- _TASK GOAL_
Only the lines in the entries below from the line with "Lot de 12 : Baskets" to the line with "Цель дыхательных упражнений: улучшить", both included, belong in the answer, transcribed exactly and without pictures.

- _TASK INPUTS_
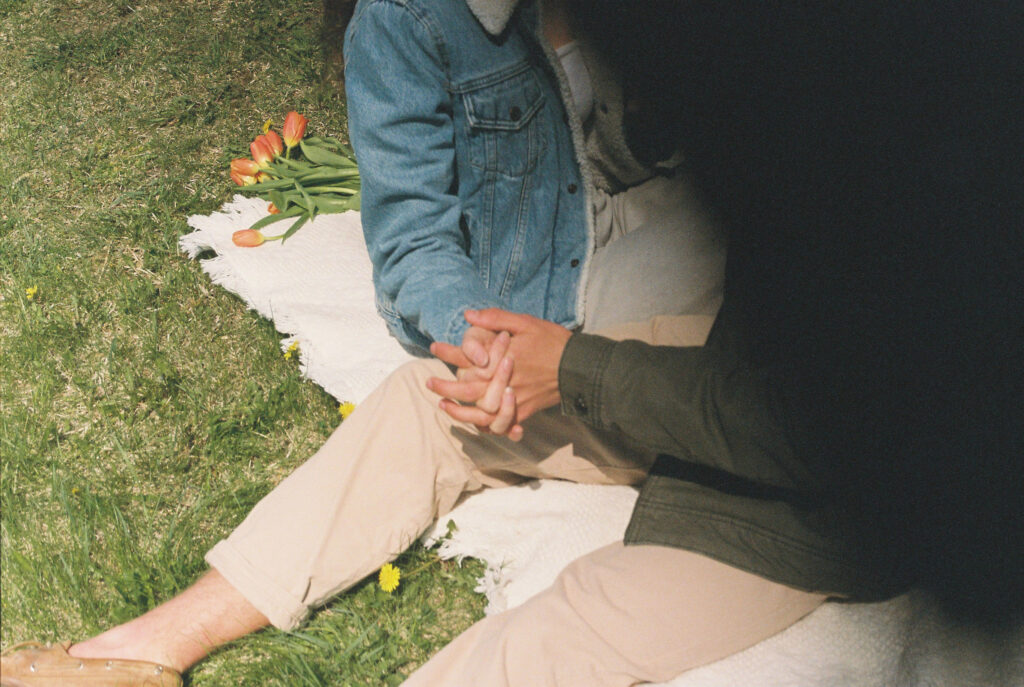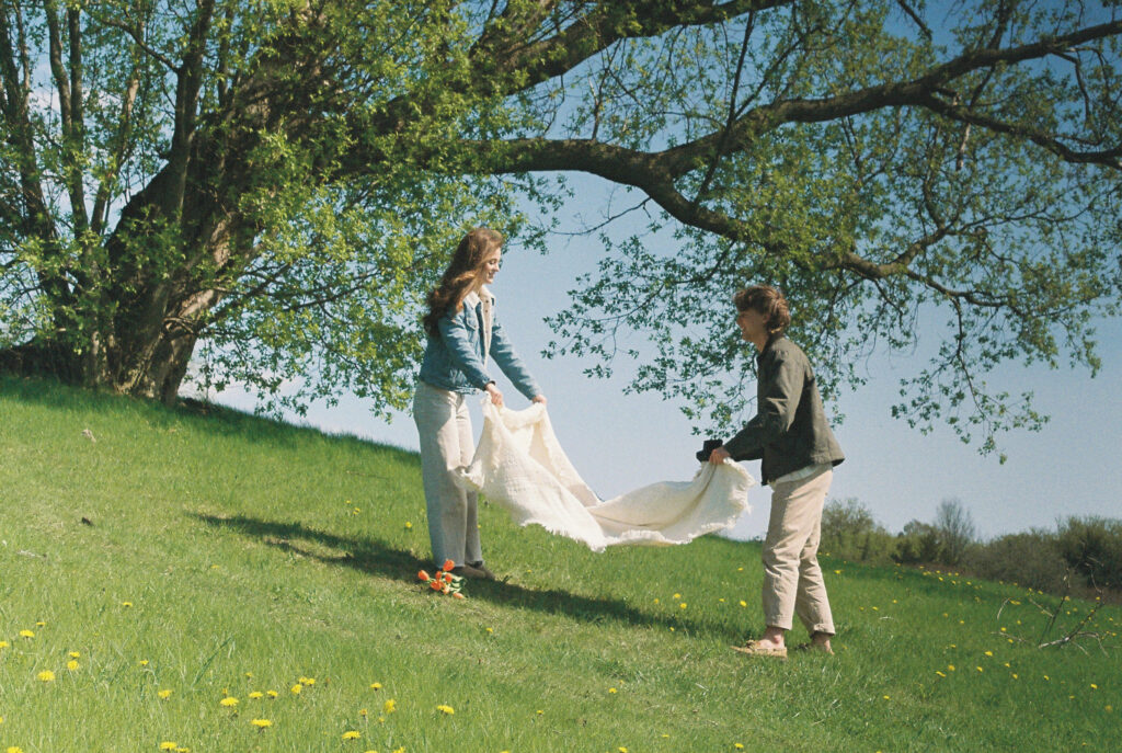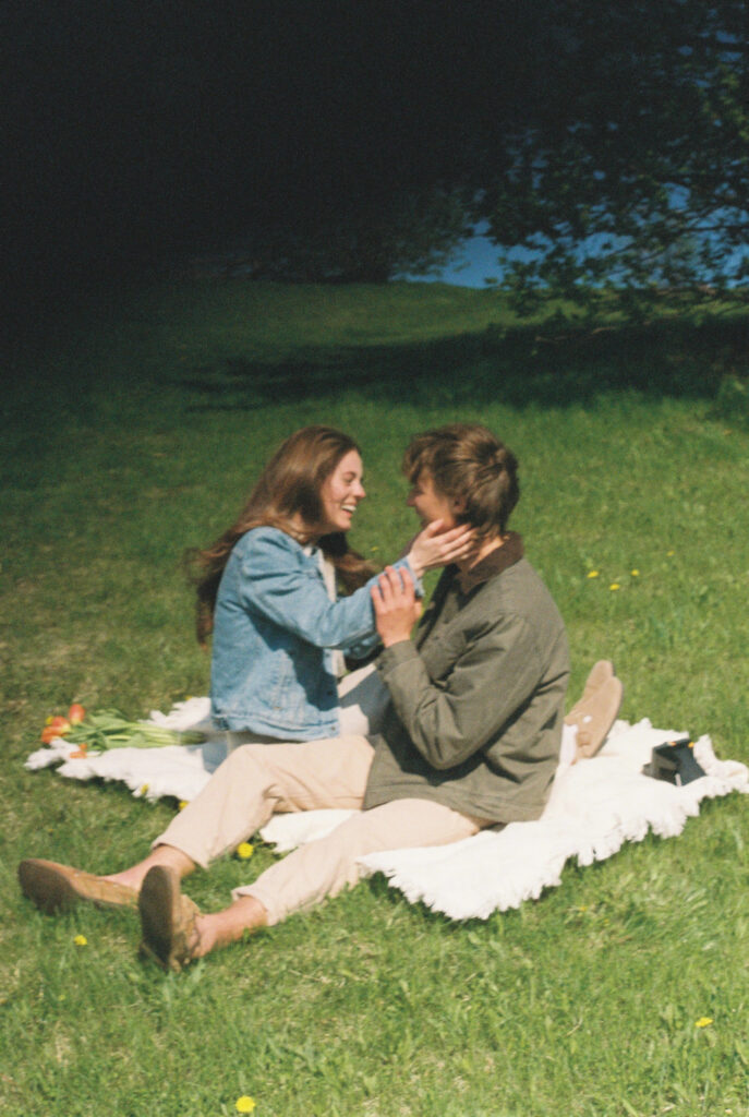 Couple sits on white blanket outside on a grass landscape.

---

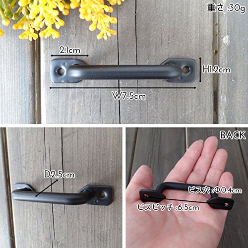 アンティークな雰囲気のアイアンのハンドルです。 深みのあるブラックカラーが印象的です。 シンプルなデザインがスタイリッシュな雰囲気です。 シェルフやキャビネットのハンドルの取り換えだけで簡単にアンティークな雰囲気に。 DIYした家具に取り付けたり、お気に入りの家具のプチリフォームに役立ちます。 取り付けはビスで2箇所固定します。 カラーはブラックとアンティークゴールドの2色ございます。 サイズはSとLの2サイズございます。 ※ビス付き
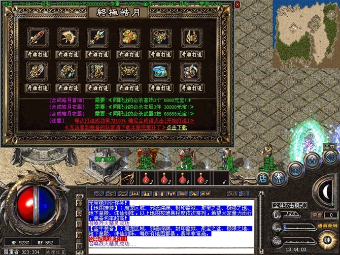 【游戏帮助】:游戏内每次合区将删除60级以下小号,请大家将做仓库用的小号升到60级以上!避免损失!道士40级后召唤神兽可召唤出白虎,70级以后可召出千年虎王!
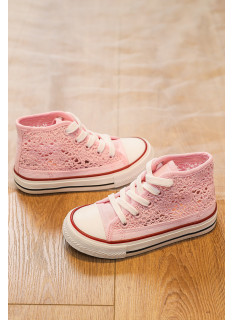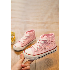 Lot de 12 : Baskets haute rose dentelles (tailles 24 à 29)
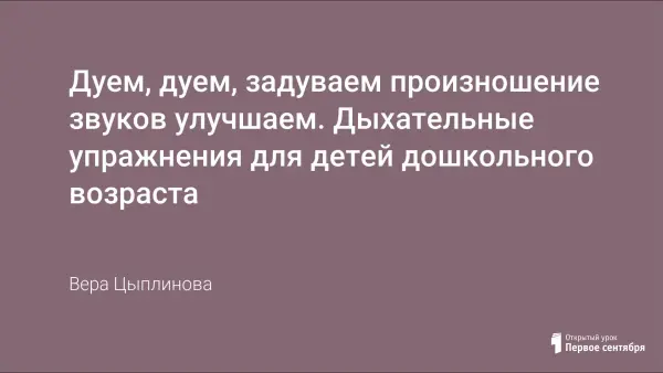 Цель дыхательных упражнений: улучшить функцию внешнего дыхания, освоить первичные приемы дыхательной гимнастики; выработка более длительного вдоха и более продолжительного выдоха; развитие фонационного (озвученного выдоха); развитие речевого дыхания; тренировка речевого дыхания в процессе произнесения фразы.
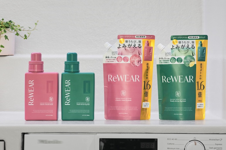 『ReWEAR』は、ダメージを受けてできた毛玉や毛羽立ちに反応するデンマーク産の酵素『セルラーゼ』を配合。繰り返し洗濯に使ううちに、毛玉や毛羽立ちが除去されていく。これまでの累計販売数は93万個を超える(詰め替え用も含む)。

- _ANSWER TO THIS EXERCISE_
 Lot de 12 : Baskets haute rose dentelles (tailles 24 à 29)
 Цель дыхательных упражнений: улучшить функцию внешнего дыхания, освоить первичные приемы дыхательной гимнастики; выработка более длительного вдоха и более продолжительного выдоха; развитие фонационного (озвученного выдоха); развитие речевого дыхания; тренировка речевого дыхания в процессе произнесения фразы.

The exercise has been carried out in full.